Le blason de Châtenois, dans les Vosges, se décrit ainsi en héraldique : de gueules aux trois têtes de loup en rencontre arrachées d’or. Il s’agirait des armes d’une famille Châtenois, d’ancienne chevalerie, éteinte depuis fort longtemps déjà au XVIIème siècle. Mais selon la légende, ce blason renverrait à Thierry le Vaillant, l’un des premiers Ducs de Lorraine.
Tout commence en 1095 avec l’Appel de Clermont. La première croisade est lancée, menée par différents barons, dont Godefroy de Bouillon, qui est le premier à entrer dans Jérusalem, trois ans plus tard. Thierry le Vaillant, fils de Gérard de Châtenois, fut également le contemporain de l’Appel de Clermont. Le Duc envisagea de partir en croisade, mais se fit relever de son vœu par le légat pontifical à cause de son état de santé. Il engagea alors les chevaliers lorrains à participer à l’expédition.
Adalbert de Metz, le frère aîné de Gérard de Châtenois, devenu Comte de Metz à la mort de son père, fut investi du Duché de Haute-Lotharingie au début de l’an 1047 par l’Empereur Henri III, qui venait de le confisquer à Godefroid d’Ardenne, également appelé Godefroid le Barbu. Celui-ci ne s’avoua pas vaincu et tua Adalbert dans une bataille près de Thuin, le 11 novembre 1048. Furieux, Henri III donna alors le Duché au frère d’Adalbert, Gérard de Châtenois. Godefroid d’Ardenne, Duc de Basse-Lotharingie, eut de son premier mariage une fille, à savoir la bienheureuse Ide ou Ida de Boulogne, parfois également nommée Ide de Lorraine, née vers 1040 en Ardennes et morte le 13 avril 1113. Eduquée à l’abbaye de Munsterbilzen, celle-ci épouse à 17 ans, vers 1056, Eustache II, Comte de Boulogne. De ce couple sont nés trois enfants : Eustache III, Comte de Boulogne, Godefroy de Bouillon, Duc de Basse-Lotharingie, puis avoué du Saint-Sépulcre, et Baudouin Ier, Comte d’Edesse puis Roi de Jérusalem. Godefroy de Bouillon est donc le petit fils de Godefroid d’Ardenne, celui qui tua l’oncle de Thierry le Vaillant et qui fit prisonnier son père, Gérard de Châtenois, pendant un an. L’entente entre Thierry le Vaillant et Godefroy de Bouillon ne devait pas être très cordiale, ce qui pourrait expliquer en réalité la vraie raison de son absence à la croisade, d’autant plus que le titre porté par Thierry le Vaillant était revendiqué par le passé par la famille de Godefroy.

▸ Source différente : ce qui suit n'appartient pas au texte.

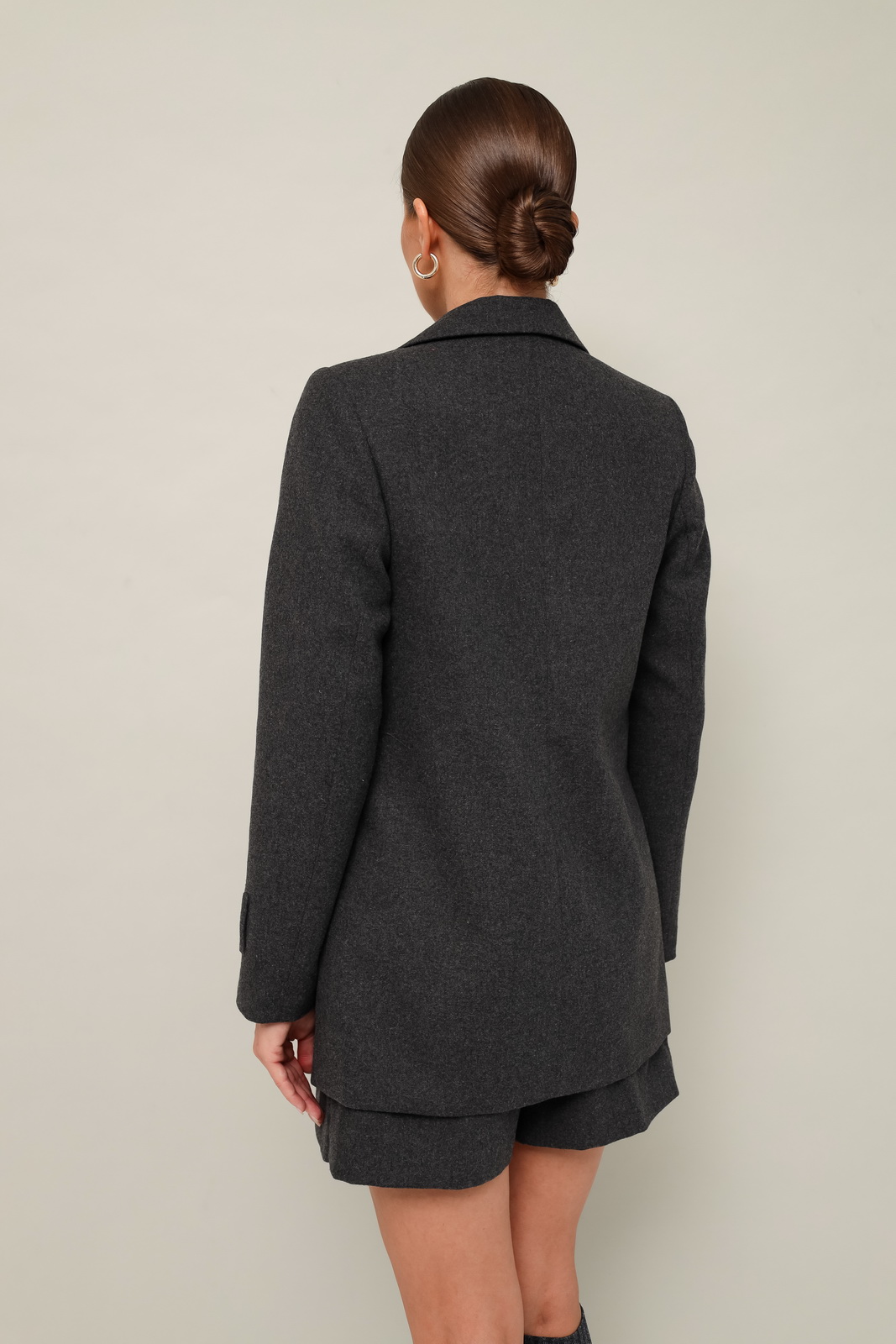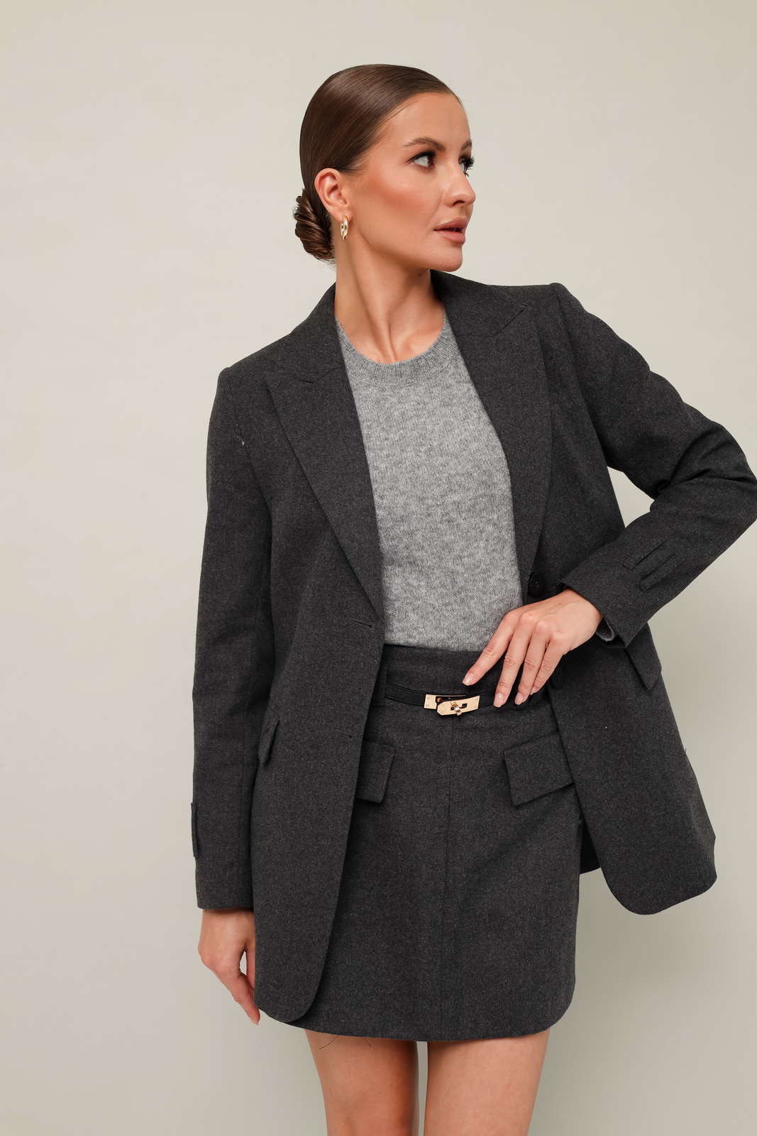 Описание: Стильный 2-предметный комплект, состоящий изжакета и юбки-шорт. Комплект выполнен из качественной костюмной ткани.

Mais revenons à notre histoire de blason et des trois loups. A l’été 1099, la ville de Jérusalem fut libérée. Mais voilà, les soldats se disputèrent la couronne royale. Qui devait devenir Roi de Jérusalem ? C’est alors que Godefroy de Bouillon, désireux d’informer le pape de la victoire chrétienne, chercha l’encre et la plume nécessaires pour écrire sur le parchemin qu’on venait de lui préparer. Il banda son arc et vint à abattre, d’une seule et même flèche, trois petits aiglons blancs, sans becs ni griffes et qu’on connaissait dans la région sous le nom d’Alérions. Il trempa l’une des plumes dans le sang de ces volatiles et écrivit au pape. Mais à peine avait-il finit de rédiger la missive pontificale que les chevaliers vinrent le trouver pour lui proposer de devenir Roi de Jérusalem. « Mes seigneurs, répondit le noble Duc, je ne peux ceindre une couronne d’or là où le Christ dut porter une couronne d’épines ». D’après la légende, les Ducs de Lorraine, après que Godefroy de Bouillon eut accompli ce petit miracle, décidèrent d’adopter les Alérions comme blason.
Thierry le Vaillant, apprenant les exploits de Godefroy, et surement contrarié, décida pour se changer les idées de partir à la chasse aux loups. Dans la forêt castinienne, il aurait aussi réalisé un miracle en tuant avec une seule flèche trois loups qui tentaient de lui échapper. Les trois loups morts, ce furent bientôt tous les autres loups qui décidèrent de quitter nos forêts pour ne plus à revoir le terrible chasseur. Comprenant son erreur, Thierry le Vaillant, pour se faire pardonner sa cruauté, adoptât l’emblème des trois loups pour la ville de Châtenois. Aujourd’hui cette histoire est oubliée. Les loups sont revenus.